For decades, infrastructure professionals have struggled to find useful information on prior transactions. The agreements contain vital information—on terms, conditions, and pricing. Without such information, each project has to be structured and developed from scratch.

Every single time.

It can take years to develop a single project. This is costly. This is exhausting.

As infrastructure professionals, we know this first-hand. Before we started Infraclear, our team collectively spent 47 years trying to develop projects in 22 countries around the world.

Every developer, lender, institutional investor, lawyer, and government official would tell us, “If only we had standardized data, we could…

"Develop projects faster"
"Bring more bankable projects to market"
"Make procurement simple and transparent"
"Understand the risks in our messy portfolios"
"Make infrastructure a liquid asset class"

And maybe…just maybe, develop sustainable projects fast enough to help us find a way out of the climate crisis.

Yet, no one seemed to have this data.

We were tired of all this talk. The climate crisis is upon us. The energy crisis is upon us. If we kept doing the things the way we have done in the past, nothing would change.

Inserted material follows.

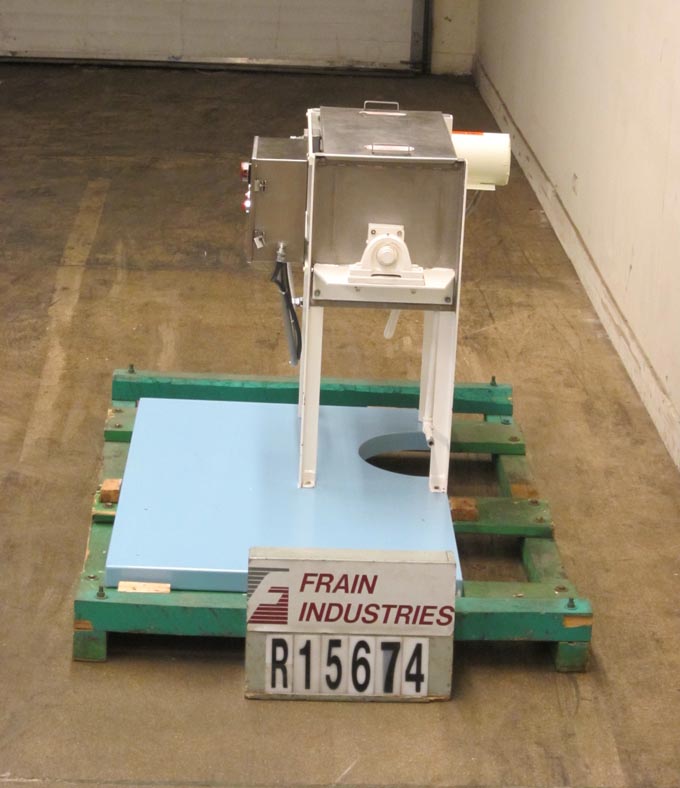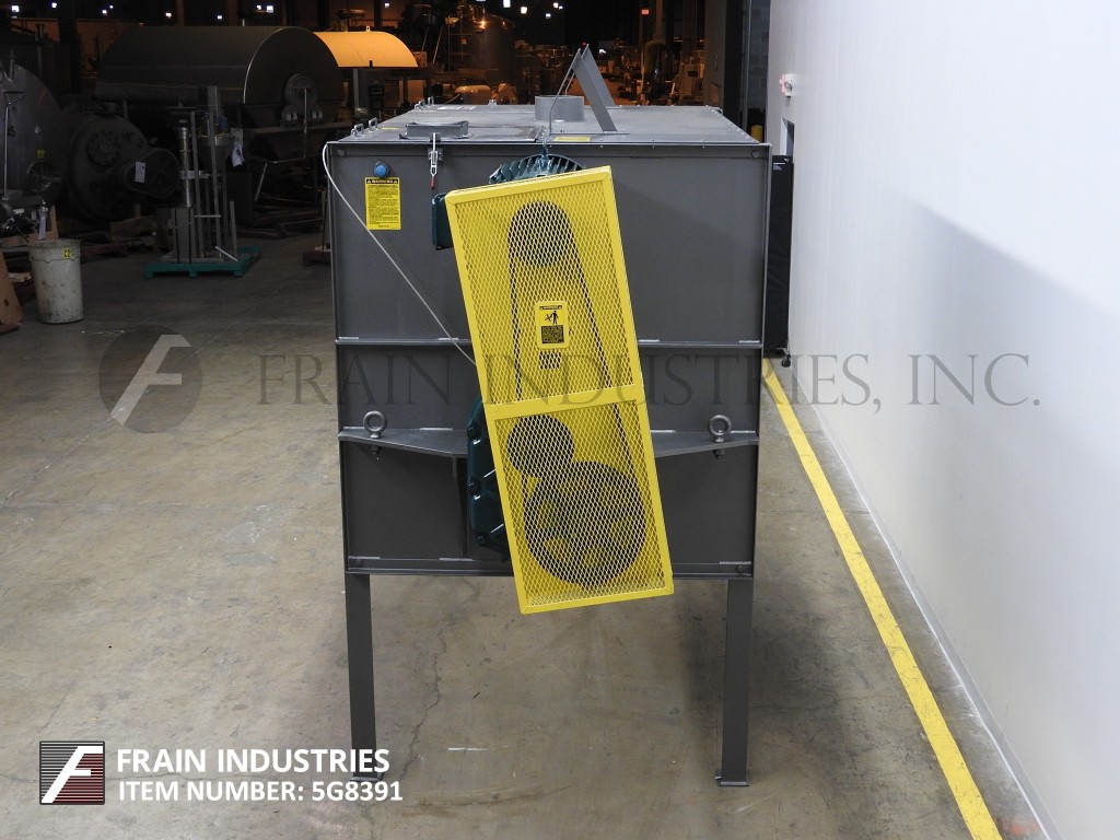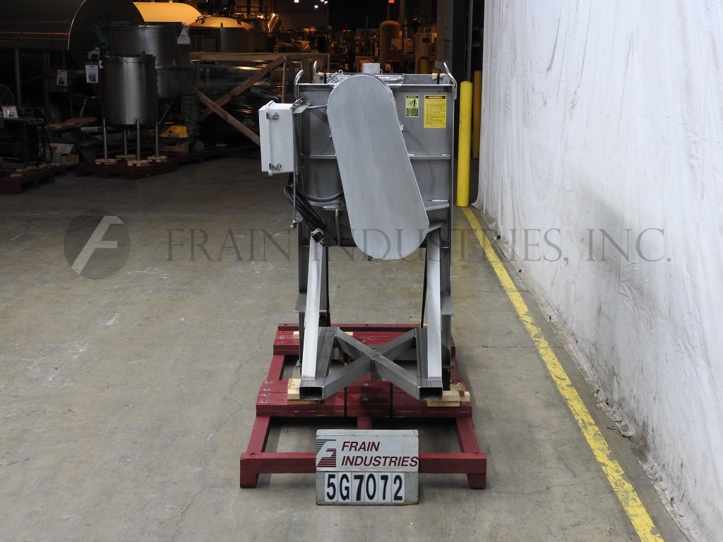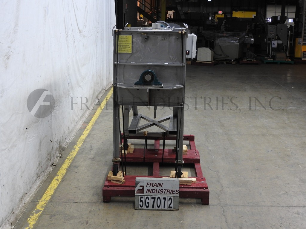 Marion,2041型,20 ft³(可工作15 ft³),带夹套的桨叶式搅拌机,带有316不锈钢接触件。配备48英寸长x 28英寸直径的圆柱形混合室,带升降螺栓下顶盖,(9)顶部安装的喷嘴,由½“NPT配件提供,2¾”直径的电机轴,3”直径的混合轴,带有18”x 5”不锈钢叶片,由7½Hp驱动,直径为5”的蝶阀式中心底部排放,带36“离地间隙。用脚轮安装在(4)支腿基架上。

We decided to do something about it.

We took a risk. We quit our jobs. We went out on a limb, and bet that we could obtain the data. And we knew that modern natural language processing and machine learning tools could analyze some of the messiest data around.

We’re doing it.

Today, we’ve already built one of the world’s largest infrastructure data platforms. We have collected thousands of project and financing agreements from around the world.

Using machine learning tools, we are making this data easy to use. And we’re putting it at your fingertips.

We’re building this for you. The developers, lenders, investors, construction companies, government officials, lawyers, and NGOs who work so hard to develop and finance the infrastructure that the world needs.

Our platform is built to help you make decisions with facts. To make decisions faster. To simplify your life. To help you conduct analysis you dreamed of. And to help you solve our climate crisis.